**Task goal:**
Every line below must come back exactly as it stands, with the images omitted.

**Recorded information:**
* * * *

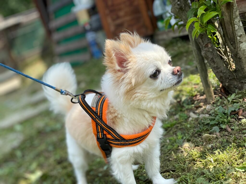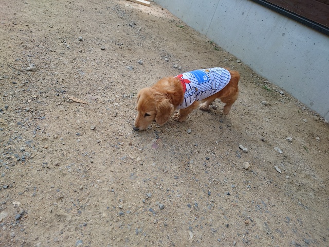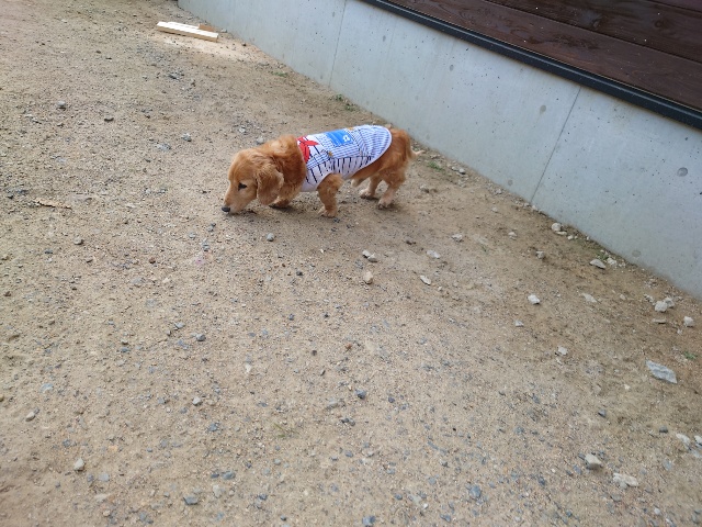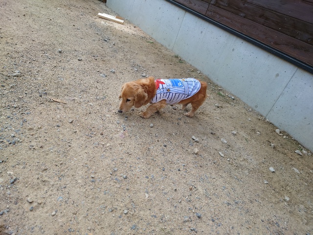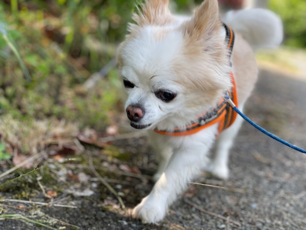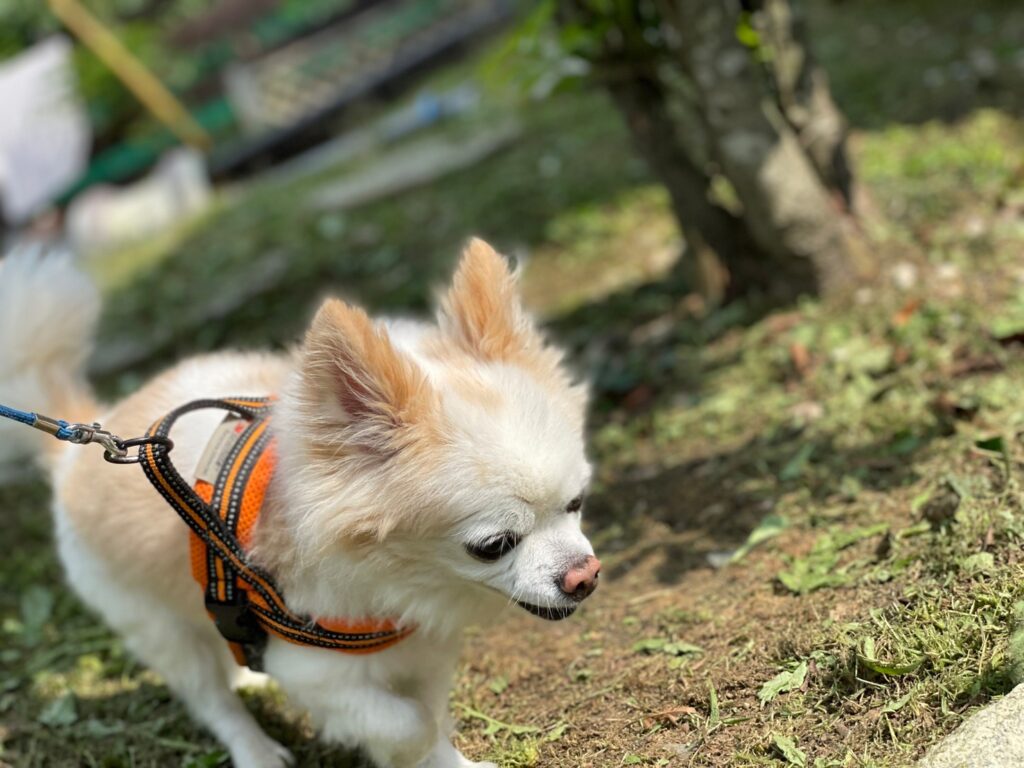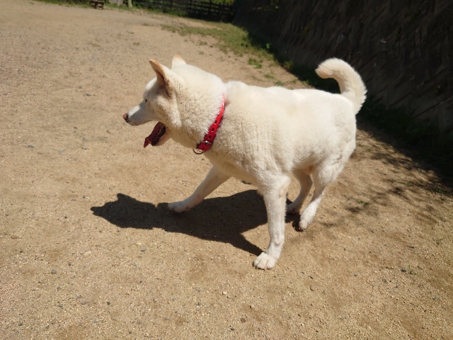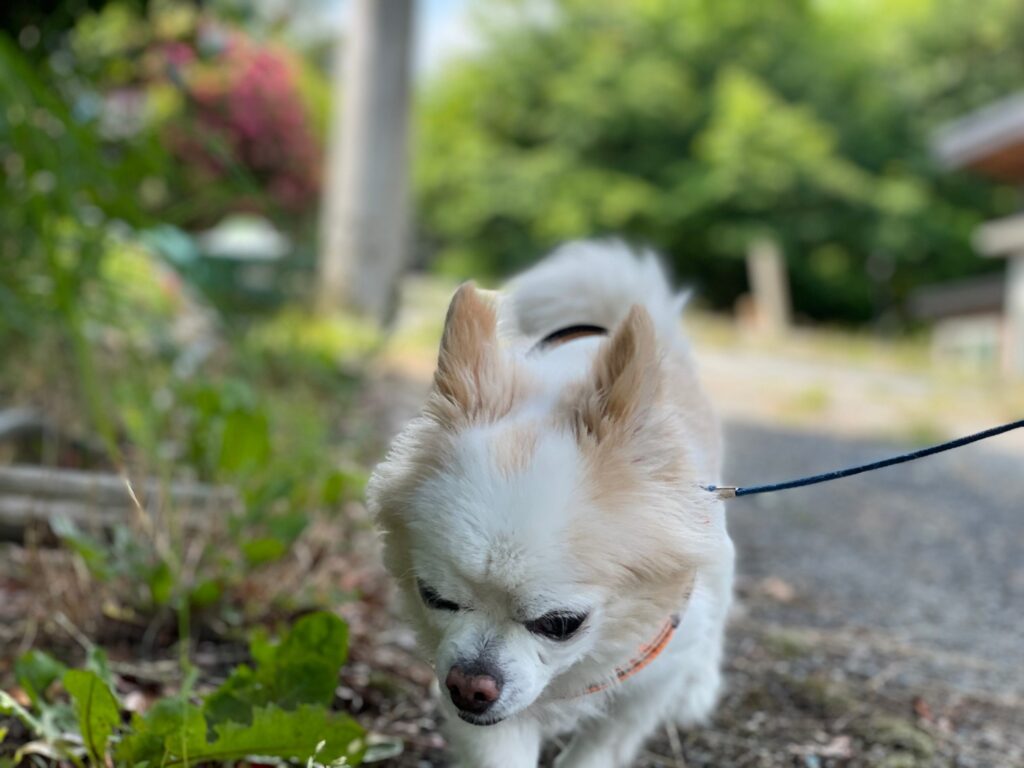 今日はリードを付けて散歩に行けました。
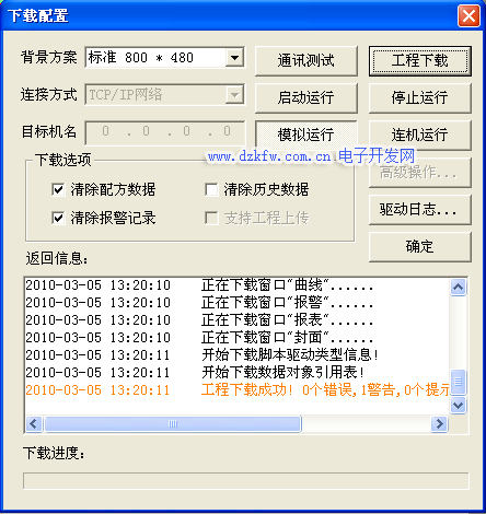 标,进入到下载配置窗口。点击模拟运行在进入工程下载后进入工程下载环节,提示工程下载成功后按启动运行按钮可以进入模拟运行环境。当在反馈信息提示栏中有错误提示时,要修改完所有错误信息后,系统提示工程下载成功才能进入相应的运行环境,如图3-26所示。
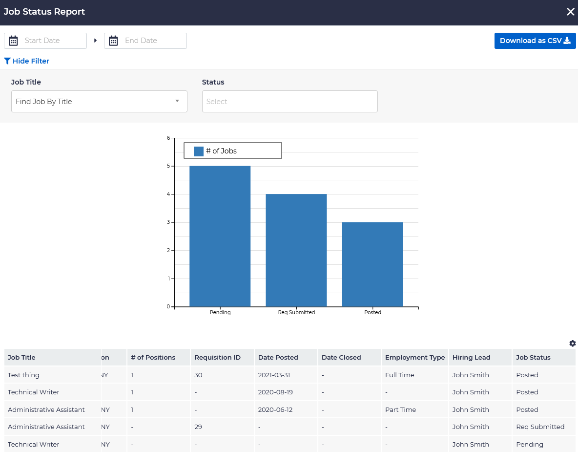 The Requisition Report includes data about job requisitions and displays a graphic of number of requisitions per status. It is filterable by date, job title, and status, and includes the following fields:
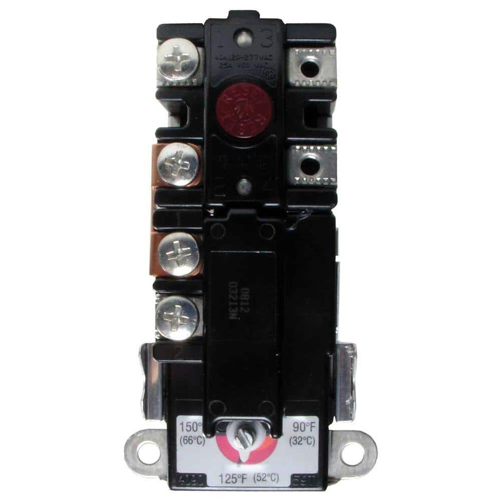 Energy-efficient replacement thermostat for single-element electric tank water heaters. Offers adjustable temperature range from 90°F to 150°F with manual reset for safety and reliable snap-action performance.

* * * *

**Answer box:**
 今日はリードを付けて散歩に行けました。
 标,进入到下载配置窗口。点击模拟运行在进入工程下载后进入工程下载环节,提示工程下载成功后按启动运行按钮可以进入模拟运行环境。当在反馈信息提示栏中有错误提示时,要修改完所有错误信息后,系统提示工程下载成功才能进入相应的运行环境,如图3-26所示。
 The Requisition Report includes data about job requisitions and displays a graphic of number of requisitions per status. It is filterable by date, job title, and status, and includes the following fields:
 Energy-efficient replacement thermostat for single-element electric tank water heaters. Offers adjustable temperature range from 90°F to 150°F with manual reset for safety and reliable snap-action performance.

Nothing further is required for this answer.